Integrated circuits are typically housed within a package that is mounted to a printed circuit board (PCB). The package is designed to protect the integrated circuit device from damage, to provide adequate heat dissipation during operation, and to provide electrical connection between the integrated circuit device and a PCB (e.g., a peripheral card, a motherboard and the like). These conventional packages may include a variety of packages such as pin grid array (PGA), land grid array (LGA), ball grid array (BGA), column grid array (CGA), and other packages. The present invention is directed at improving the reliability of the electrical/mechanical connection formed between a package and a PCB.

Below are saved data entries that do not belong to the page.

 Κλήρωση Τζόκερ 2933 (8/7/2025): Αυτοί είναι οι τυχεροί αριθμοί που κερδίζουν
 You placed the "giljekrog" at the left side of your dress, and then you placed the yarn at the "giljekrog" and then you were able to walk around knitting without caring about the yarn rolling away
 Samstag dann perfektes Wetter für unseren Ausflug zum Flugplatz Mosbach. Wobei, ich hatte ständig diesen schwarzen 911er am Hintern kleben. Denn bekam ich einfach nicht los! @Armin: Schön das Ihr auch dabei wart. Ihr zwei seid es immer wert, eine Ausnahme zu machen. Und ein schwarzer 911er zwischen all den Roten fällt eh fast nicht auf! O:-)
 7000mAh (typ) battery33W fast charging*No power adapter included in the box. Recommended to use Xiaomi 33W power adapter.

A BGA package is an integrated circuit package which has a plurality of solder balls that interconnect the package to a PCB. A BGA package typically consist of a substrate having an array of electrical contact pads disposed about the substrate's bottom surface. Using existing techniques, spherical shaped solder balls are attached to the package by first applying a resin flux to the electrical contact pads, positioning the solder balls onto the electrical contact pads, and running the package through a reflow furnace. FIG. 1 illustrates the solder ball, flux and electrical contact pad configuration before the reflow process. During the reflow process the solder balls are held in position by the flux and wetted onto the electrical contact pads. In addition to holding the solder balls in position, the flux promotes the wetting of the solder balls to the contact pads and chemically cleans the contact pad surfaces. As shown in FIG. 3, after having passed through the reflow furnace, the solder portion located near the solder ball and electrical contact pad interface, but in all other respects maintain their spherical shape. In lieu of using resin flux, other methods utilize supporting fixtures to hold the solder balls in position during reflow with or without the use of flux.

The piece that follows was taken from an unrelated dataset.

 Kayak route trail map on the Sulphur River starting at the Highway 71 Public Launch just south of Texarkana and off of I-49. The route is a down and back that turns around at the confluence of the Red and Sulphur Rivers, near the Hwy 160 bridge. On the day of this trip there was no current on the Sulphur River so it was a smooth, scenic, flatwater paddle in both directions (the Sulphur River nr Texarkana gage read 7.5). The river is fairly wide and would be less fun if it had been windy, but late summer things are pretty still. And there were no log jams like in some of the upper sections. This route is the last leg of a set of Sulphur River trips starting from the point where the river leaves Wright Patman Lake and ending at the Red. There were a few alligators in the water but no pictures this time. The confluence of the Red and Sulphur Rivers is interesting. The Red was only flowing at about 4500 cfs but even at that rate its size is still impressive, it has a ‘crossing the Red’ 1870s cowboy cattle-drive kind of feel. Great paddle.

One problem associated with using solder balls is that, because of their spherical shape, they tend to roll out of position during the reflow process. As a result, the current methods require either that a fixture be used or that additional resin flux be applied to the contact pads to ensure that the solder balls remain in position during reflow. There are, however, a number of problem associated with the current methods of forming solder balls on the contact pads of BGA packages. To begin with, the use of additional flux to hold the solder balls in position is undesirable since it results in the need to remove the surplus flux after reflow. The use of a fixture to hold the solder balls in position is also undesirable in that it involves an additional manufacturing step and requires additional manufacturing hardware to bond the solder ball to the package during reflow. In addition, the solder balls themselves are costly items due to the elaborate method of manufacture required to ensure solder ball diameter uniformity.
As previously discussed, other methods are also used to form the electrical and mechanical connection between a package and a printed circuit board. One such method includes the use of column grid arrays. Column grid arrays are used in applications where the alignment between the electrical contact pads of a package and a PCB significantly vary during the manufacturing process causing high shear stresses to occur at the electrical contact pad and solder interfaces. In particular, column grid arrays are most often used in applications when large packages are involved and where the coefficient of thermal expansion of a package greatly differs from the coefficient of thermal expansion of the PCB.
Column grid arrays include a plurality of solid solder columns that are positioned between the electrical contact pads of a package and a PCB. The connection between the electrical contact pads on a package and PCB are generally formed by first applying a resin flux to the electrical contact pads, positioning the solder columns between the pads, and running the unit through a reflow furnace. The solder column height, which is greater than the diameter of a typical solder ball, allows for greater flexibility in establishing the connection between a package and a PCB. By allowing for greater flexibility, the solder columns reduce stresses at the solder column/electrical contact pad interfaces which, in turn, results in higher product reliability.
One problem associated with using solder columns lies in their susceptibility to collapse and form solder balls during reflow which often results in bad electrical and mechanical connections.
What is needed then is a method which solves the aforementioned problems associated with forming reliable connections between a package and a PCB. As will be seen, the present invention provides an improved apparatus and method for forming column grid arrays and an improved method for manufacturing packages having solder balls which solve the aforementioned problems.